- _EXTRACTED ENTRIES_:
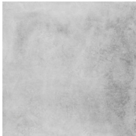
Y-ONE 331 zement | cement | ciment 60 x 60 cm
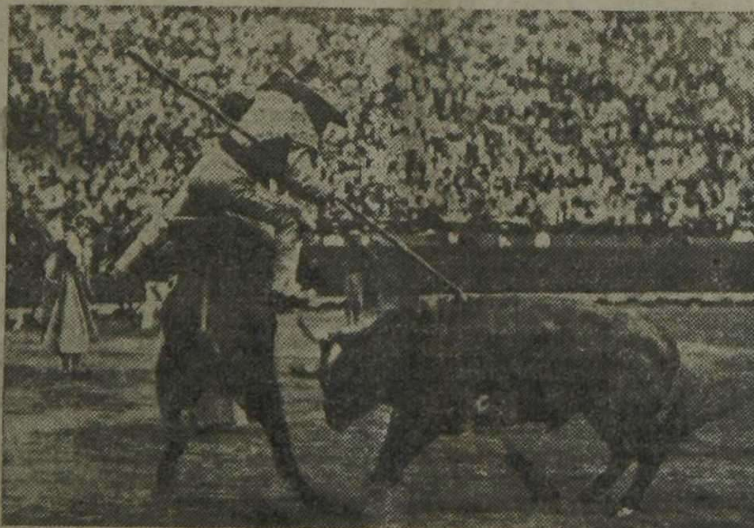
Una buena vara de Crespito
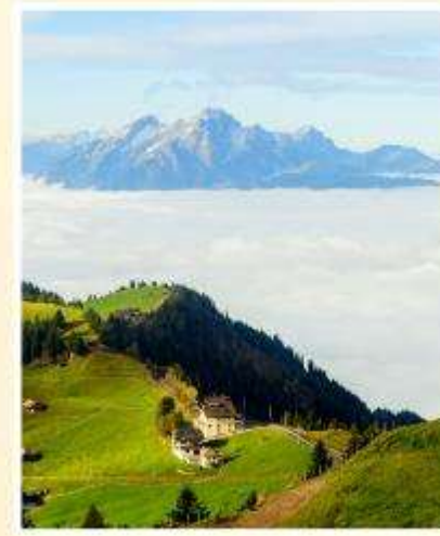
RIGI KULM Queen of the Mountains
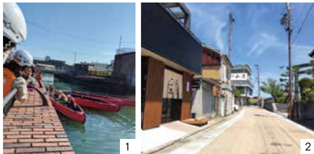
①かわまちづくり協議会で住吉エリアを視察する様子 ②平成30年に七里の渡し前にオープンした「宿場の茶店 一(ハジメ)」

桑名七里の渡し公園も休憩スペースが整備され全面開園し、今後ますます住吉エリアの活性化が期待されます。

- _WHAT TO WORK ON_:
Each entry should be transcribed exactly as given, with pictures omitted.

- _FINISHED EXERCISE_:
Y-ONE 331 zement | cement | ciment 60 x 60 cm
Una buena vara de Crespito
RIGI KULM Queen of the Mountains
①かわまちづくり協議会で住吉エリアを視察する様子 ②平成30年に七里の渡し前にオープンした「宿場の茶店 一(ハジメ)」

桑名七里の渡し公園も休憩スペースが整備され全面開園し、今後ますます住吉エリアの活性化が期待されます。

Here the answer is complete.